> [The problem]: Under this line are records; the part from the line containing "Article de presse" through the line containing "预计劳工部将在未来几天内正式发布规则: 允许总额高达 10" should be repeated exactly. Please exclude pictures.
*** Records for this task
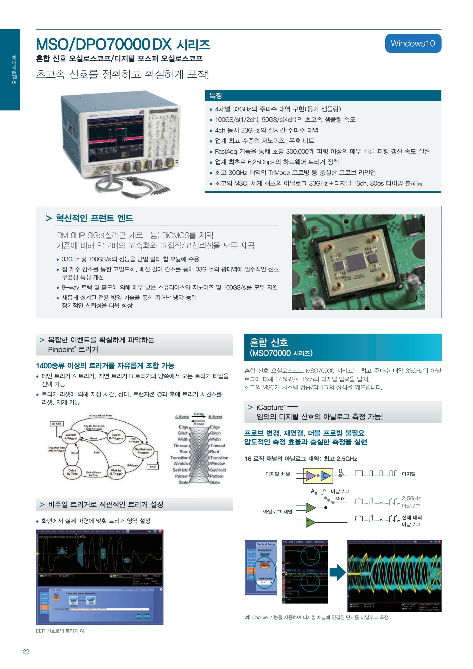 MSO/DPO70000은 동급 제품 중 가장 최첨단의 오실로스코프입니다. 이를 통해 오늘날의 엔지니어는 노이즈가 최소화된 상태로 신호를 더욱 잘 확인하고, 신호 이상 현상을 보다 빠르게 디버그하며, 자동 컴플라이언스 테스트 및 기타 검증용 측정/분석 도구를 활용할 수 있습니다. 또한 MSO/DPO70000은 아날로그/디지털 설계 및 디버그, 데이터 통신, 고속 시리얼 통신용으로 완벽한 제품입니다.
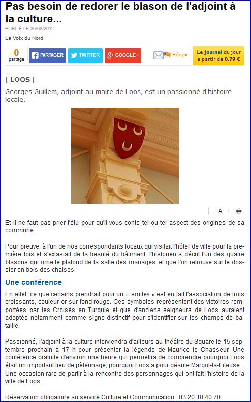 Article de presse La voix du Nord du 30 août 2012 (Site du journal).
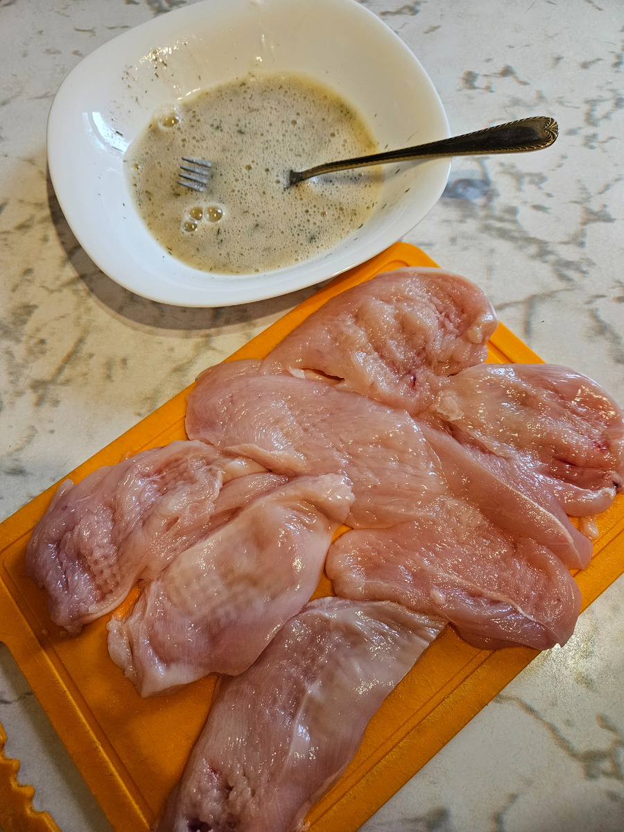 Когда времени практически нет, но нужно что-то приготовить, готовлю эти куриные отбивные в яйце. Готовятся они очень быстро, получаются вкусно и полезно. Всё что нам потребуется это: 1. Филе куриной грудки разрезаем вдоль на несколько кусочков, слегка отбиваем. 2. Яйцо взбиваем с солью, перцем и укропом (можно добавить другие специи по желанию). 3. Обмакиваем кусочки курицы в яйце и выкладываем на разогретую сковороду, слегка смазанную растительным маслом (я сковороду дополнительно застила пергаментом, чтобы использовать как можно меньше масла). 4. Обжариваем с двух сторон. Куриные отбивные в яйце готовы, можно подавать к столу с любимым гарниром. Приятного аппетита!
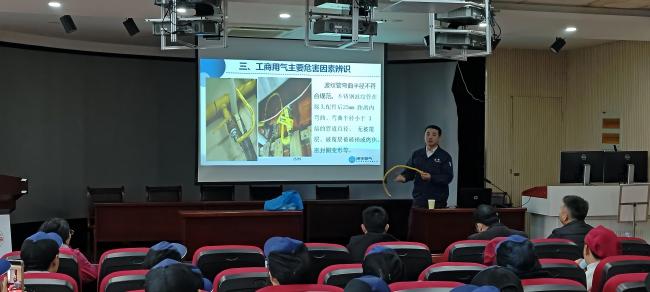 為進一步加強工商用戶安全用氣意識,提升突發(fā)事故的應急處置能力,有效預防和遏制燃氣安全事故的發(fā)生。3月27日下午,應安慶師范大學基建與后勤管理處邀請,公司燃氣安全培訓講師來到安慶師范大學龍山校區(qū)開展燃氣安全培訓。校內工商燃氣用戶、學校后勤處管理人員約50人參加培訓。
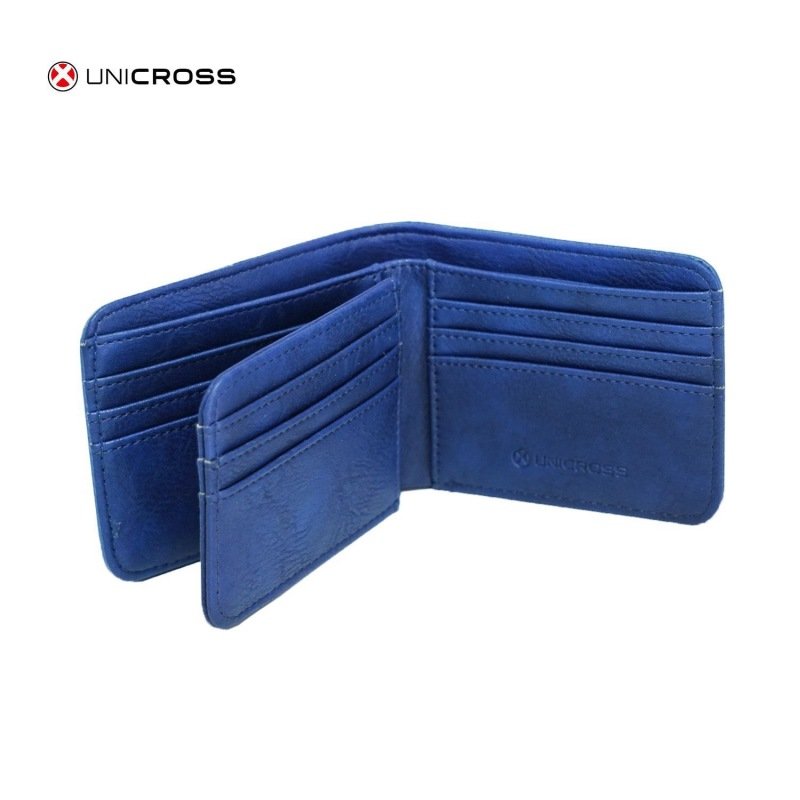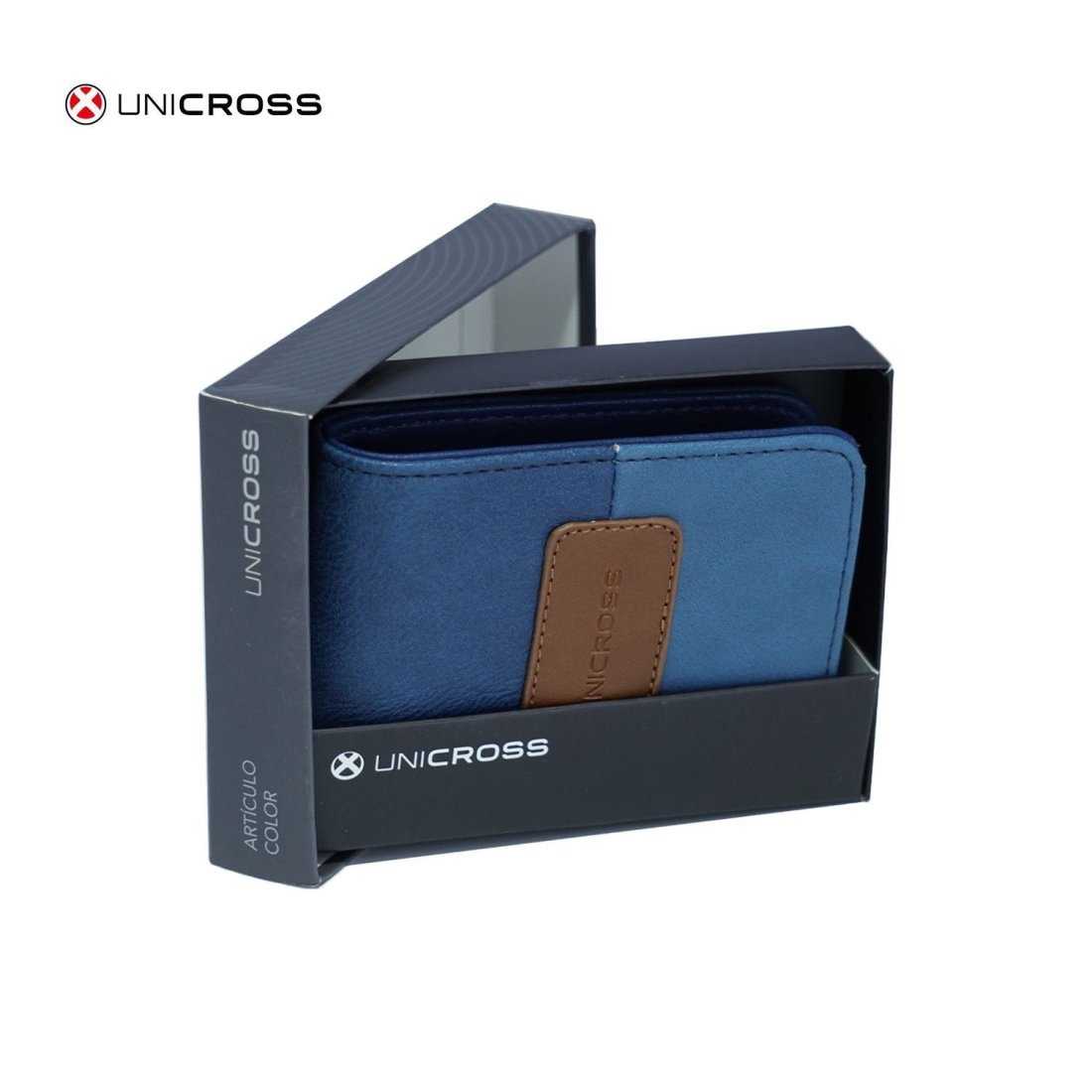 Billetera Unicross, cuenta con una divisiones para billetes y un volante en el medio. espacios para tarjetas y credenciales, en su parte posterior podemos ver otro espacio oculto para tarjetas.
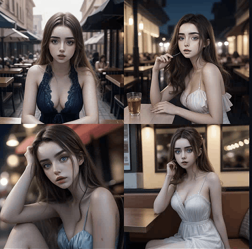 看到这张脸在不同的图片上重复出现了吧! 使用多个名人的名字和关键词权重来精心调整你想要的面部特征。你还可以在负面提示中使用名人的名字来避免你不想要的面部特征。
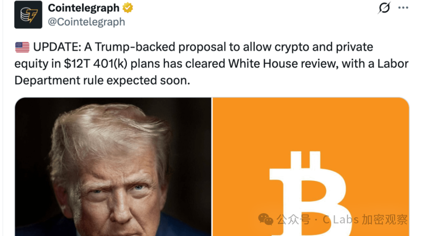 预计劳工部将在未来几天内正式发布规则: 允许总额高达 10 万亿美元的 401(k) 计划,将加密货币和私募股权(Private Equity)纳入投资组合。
******
*** Records for this task
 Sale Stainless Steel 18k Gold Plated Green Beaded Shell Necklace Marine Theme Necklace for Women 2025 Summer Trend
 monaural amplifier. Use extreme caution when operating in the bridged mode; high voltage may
******
*** Records for this task
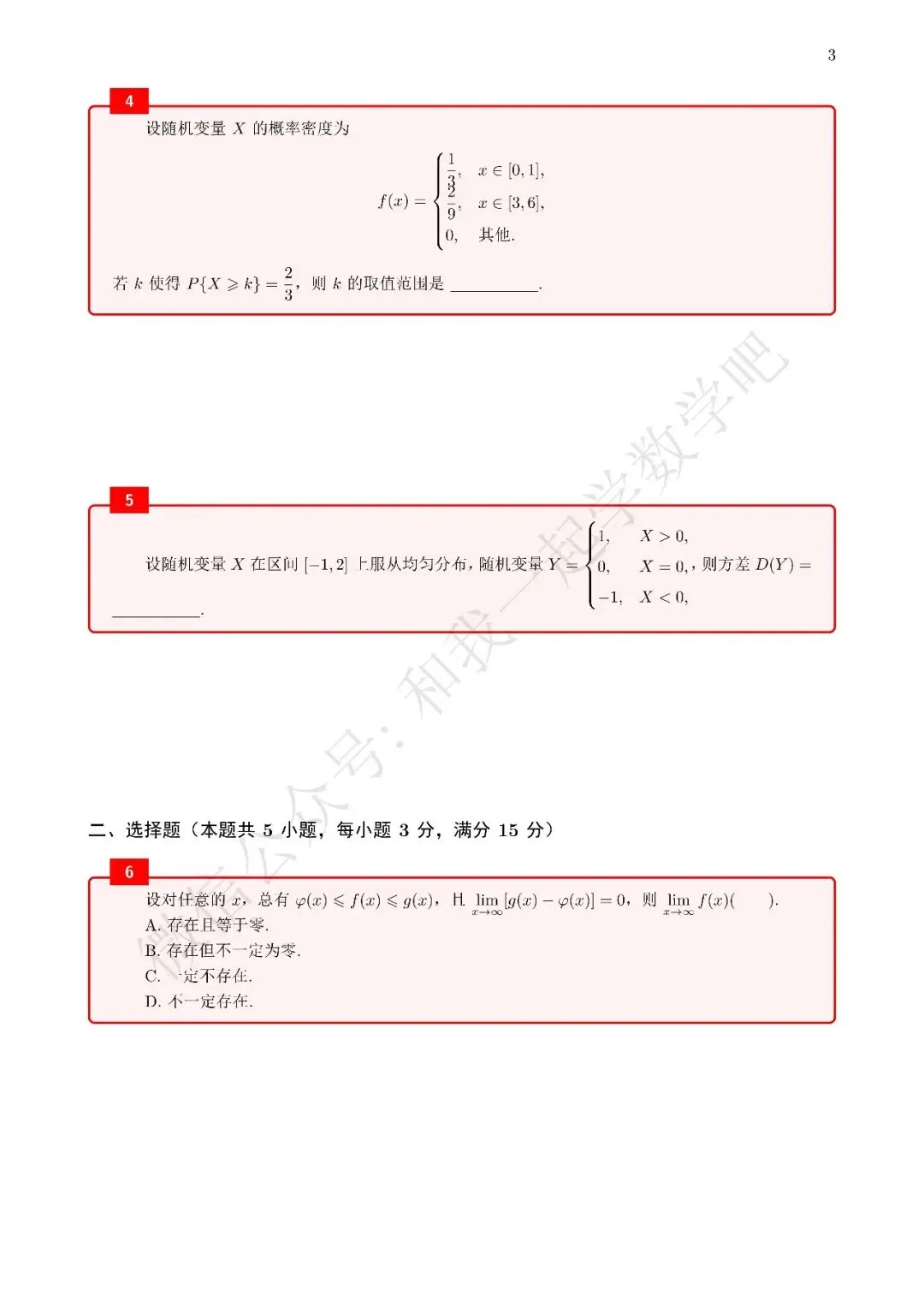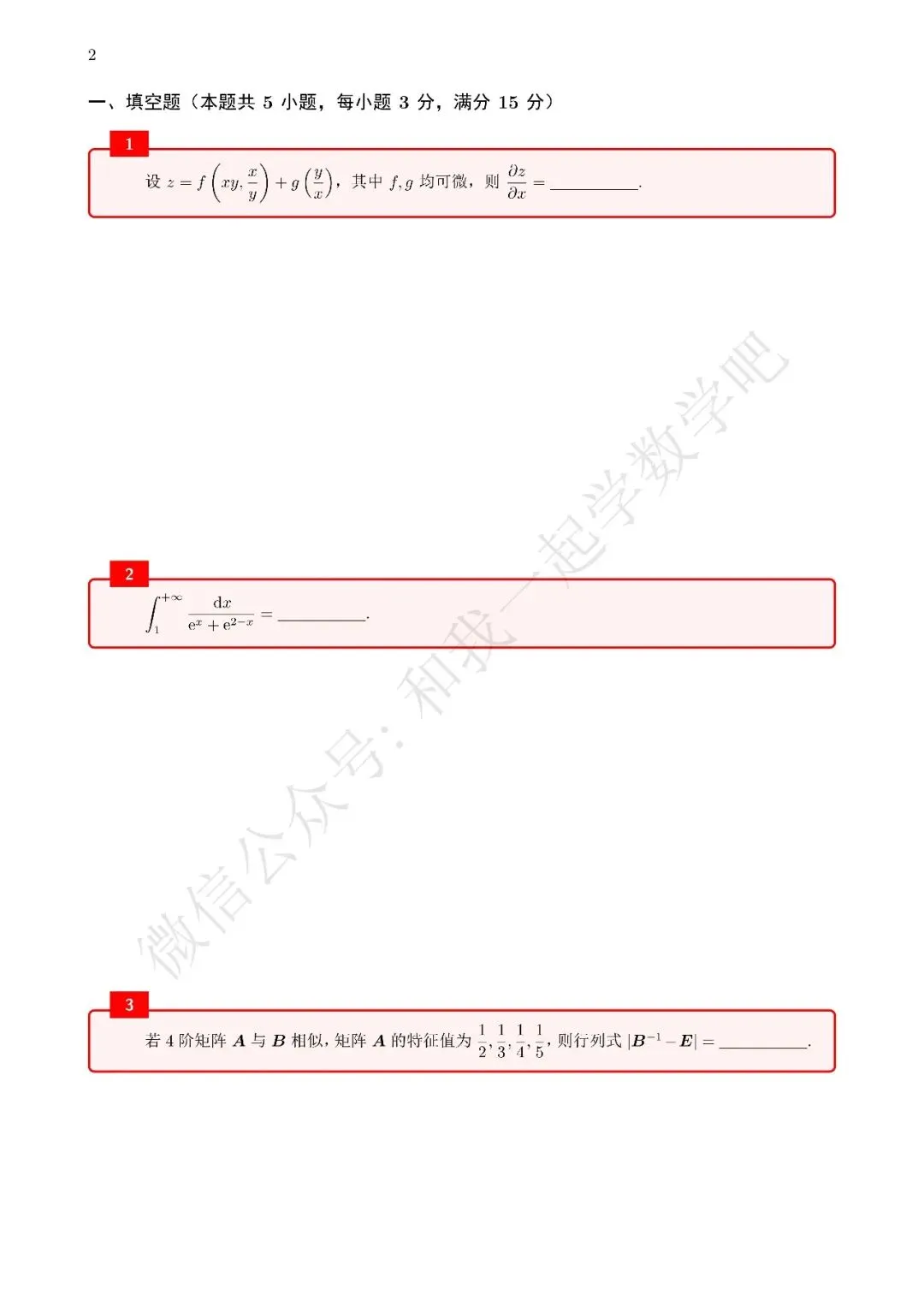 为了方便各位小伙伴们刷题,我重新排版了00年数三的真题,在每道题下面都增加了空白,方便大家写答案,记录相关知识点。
******
> [Exercise response]:
 Article de presse La voix du Nord du 30 août 2012 (Site du journal).
 Когда времени практически нет, но нужно что-то приготовить, готовлю эти куриные отбивные в яйце. Готовятся они очень быстро, получаются вкусно и полезно. Всё что нам потребуется это: 1. Филе куриной грудки разрезаем вдоль на несколько кусочков, слегка отбиваем. 2. Яйцо взбиваем с солью, перцем и укропом (можно добавить другие специи по желанию). 3. Обмакиваем кусочки курицы в яйце и выкладываем на разогретую сковороду, слегка смазанную растительным маслом (я сковороду дополнительно застила пергаментом, чтобы использовать как можно меньше масла). 4. Обжариваем с двух сторон. Куриные отбивные в яйце готовы, можно подавать к столу с любимым гарниром. Приятного аппетита!
 為進一步加強工商用戶安全用氣意識,提升突發(fā)事故的應急處置能力,有效預防和遏制燃氣安全事故的發(fā)生。3月27日下午,應安慶師范大學基建與后勤管理處邀請,公司燃氣安全培訓講師來到安慶師范大學龍山校區(qū)開展燃氣安全培訓。校內工商燃氣用戶、學校后勤處管理人員約50人參加培訓。
 Billetera Unicross, cuenta con una divisiones para billetes y un volante en el medio. espacios para tarjetas y credenciales, en su parte posterior podemos ver otro espacio oculto para tarjetas.
 看到这张脸在不同的图片上重复出现了吧! 使用多个名人的名字和关键词权重来精心调整你想要的面部特征。你还可以在负面提示中使用名人的名字来避免你不想要的面部特征。
 预计劳工部将在未来几天内正式发布规则: 允许总额高达 10 万亿美元的 401(k) 计划,将加密货币和私募股权(Private Equity)纳入投资组合。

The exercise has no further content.